** Opening INFORMATION PROVIDED block **

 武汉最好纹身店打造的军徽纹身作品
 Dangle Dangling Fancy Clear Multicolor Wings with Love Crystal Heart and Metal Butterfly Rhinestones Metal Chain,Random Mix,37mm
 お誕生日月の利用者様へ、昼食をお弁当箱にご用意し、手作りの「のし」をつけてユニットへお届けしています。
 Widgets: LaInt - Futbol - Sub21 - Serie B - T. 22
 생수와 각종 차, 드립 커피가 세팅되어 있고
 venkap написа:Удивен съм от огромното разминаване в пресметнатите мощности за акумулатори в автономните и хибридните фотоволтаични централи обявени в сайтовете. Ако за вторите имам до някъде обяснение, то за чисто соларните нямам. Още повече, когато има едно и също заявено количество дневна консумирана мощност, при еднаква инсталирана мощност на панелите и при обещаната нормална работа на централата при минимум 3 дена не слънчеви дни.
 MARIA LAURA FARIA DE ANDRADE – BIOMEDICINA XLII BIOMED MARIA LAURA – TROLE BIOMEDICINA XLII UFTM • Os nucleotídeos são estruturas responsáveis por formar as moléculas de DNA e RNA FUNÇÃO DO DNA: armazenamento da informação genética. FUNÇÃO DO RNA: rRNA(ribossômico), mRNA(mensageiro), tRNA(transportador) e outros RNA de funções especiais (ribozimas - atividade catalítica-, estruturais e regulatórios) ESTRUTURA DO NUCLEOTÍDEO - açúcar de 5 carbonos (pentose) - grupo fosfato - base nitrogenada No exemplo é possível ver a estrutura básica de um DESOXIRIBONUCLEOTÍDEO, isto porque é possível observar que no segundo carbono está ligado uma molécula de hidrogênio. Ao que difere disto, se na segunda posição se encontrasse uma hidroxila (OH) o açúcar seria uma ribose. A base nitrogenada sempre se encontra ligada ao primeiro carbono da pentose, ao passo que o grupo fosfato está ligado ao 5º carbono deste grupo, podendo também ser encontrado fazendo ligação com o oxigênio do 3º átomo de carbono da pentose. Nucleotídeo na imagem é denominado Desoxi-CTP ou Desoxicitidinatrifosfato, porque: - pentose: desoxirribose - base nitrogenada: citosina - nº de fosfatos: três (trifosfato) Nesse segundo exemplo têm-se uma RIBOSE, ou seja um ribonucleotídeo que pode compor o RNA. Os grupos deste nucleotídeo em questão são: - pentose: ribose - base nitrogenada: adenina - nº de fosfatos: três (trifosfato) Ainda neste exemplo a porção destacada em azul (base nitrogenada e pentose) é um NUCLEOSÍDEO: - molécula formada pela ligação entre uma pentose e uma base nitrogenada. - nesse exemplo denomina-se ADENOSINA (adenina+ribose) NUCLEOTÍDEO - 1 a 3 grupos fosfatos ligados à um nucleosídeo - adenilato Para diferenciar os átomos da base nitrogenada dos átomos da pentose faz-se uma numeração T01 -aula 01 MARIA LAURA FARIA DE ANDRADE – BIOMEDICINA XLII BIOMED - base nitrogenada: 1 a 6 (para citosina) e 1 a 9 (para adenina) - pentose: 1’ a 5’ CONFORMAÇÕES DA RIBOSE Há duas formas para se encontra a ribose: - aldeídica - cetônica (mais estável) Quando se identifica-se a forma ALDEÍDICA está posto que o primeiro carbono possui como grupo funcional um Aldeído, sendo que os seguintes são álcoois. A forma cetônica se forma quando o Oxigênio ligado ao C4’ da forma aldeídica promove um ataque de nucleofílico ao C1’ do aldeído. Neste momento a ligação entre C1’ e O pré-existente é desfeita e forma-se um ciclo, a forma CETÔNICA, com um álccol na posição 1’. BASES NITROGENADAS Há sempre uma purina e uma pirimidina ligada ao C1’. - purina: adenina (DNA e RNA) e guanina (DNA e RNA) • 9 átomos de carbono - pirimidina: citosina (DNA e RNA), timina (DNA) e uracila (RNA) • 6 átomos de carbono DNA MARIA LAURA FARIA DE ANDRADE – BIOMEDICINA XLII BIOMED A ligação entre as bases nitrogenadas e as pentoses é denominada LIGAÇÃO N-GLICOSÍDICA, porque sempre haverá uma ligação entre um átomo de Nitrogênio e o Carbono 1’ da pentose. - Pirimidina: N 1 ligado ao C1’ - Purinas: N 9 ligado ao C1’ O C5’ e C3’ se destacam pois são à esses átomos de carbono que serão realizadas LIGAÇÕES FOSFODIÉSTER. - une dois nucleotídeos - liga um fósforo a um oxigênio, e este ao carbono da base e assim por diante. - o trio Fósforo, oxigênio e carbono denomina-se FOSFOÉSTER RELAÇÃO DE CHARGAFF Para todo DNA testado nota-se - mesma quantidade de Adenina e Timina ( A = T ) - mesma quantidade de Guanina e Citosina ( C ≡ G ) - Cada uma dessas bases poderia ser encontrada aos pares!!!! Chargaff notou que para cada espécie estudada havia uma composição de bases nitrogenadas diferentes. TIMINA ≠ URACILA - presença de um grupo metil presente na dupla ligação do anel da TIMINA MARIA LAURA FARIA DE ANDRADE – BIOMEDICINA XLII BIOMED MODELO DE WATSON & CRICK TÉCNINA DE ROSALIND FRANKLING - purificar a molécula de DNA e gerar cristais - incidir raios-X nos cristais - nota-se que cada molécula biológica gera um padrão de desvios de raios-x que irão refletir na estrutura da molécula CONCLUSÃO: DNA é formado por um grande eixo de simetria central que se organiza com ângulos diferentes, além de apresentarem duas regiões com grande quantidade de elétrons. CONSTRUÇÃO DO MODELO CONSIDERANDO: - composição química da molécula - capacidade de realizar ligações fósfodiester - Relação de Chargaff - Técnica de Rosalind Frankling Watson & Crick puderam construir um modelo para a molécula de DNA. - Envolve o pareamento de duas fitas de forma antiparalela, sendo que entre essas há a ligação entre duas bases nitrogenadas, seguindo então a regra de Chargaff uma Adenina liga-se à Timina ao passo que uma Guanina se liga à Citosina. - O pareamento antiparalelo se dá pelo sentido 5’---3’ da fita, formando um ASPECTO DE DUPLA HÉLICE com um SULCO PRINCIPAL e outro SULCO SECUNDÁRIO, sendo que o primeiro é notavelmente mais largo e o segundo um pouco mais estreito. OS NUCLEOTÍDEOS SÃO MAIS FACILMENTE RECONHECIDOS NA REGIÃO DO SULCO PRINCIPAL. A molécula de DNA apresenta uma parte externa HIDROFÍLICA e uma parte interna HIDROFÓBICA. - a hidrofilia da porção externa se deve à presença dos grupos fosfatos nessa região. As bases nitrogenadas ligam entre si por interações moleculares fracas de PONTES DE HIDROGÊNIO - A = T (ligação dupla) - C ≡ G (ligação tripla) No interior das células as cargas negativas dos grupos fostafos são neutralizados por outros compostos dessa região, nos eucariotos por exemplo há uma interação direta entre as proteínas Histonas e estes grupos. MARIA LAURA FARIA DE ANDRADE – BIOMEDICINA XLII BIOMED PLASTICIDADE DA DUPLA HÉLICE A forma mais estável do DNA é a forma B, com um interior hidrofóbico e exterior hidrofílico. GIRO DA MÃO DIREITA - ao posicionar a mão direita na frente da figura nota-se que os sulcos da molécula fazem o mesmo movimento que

** Closing INFORMATION PROVIDED block **

> WHAT TO DO:
Could you repeat exactly the lines above from the line with "Dangle Dangling Fancy" up to and including the line with "생수와 각종 차, 드립 커피가 세팅되어 있고", and only those?

> EXERCISE OUTPUT:
 Dangle Dangling Fancy Clear Multicolor Wings with Love Crystal Heart and Metal Butterfly Rhinestones Metal Chain,Random Mix,37mm
 お誕生日月の利用者様へ、昼食をお弁当箱にご用意し、手作りの「のし」をつけてユニットへお届けしています。
 Widgets: LaInt - Futbol - Sub21 - Serie B - T. 22
 생수와 각종 차, 드립 커피가 세팅되어 있고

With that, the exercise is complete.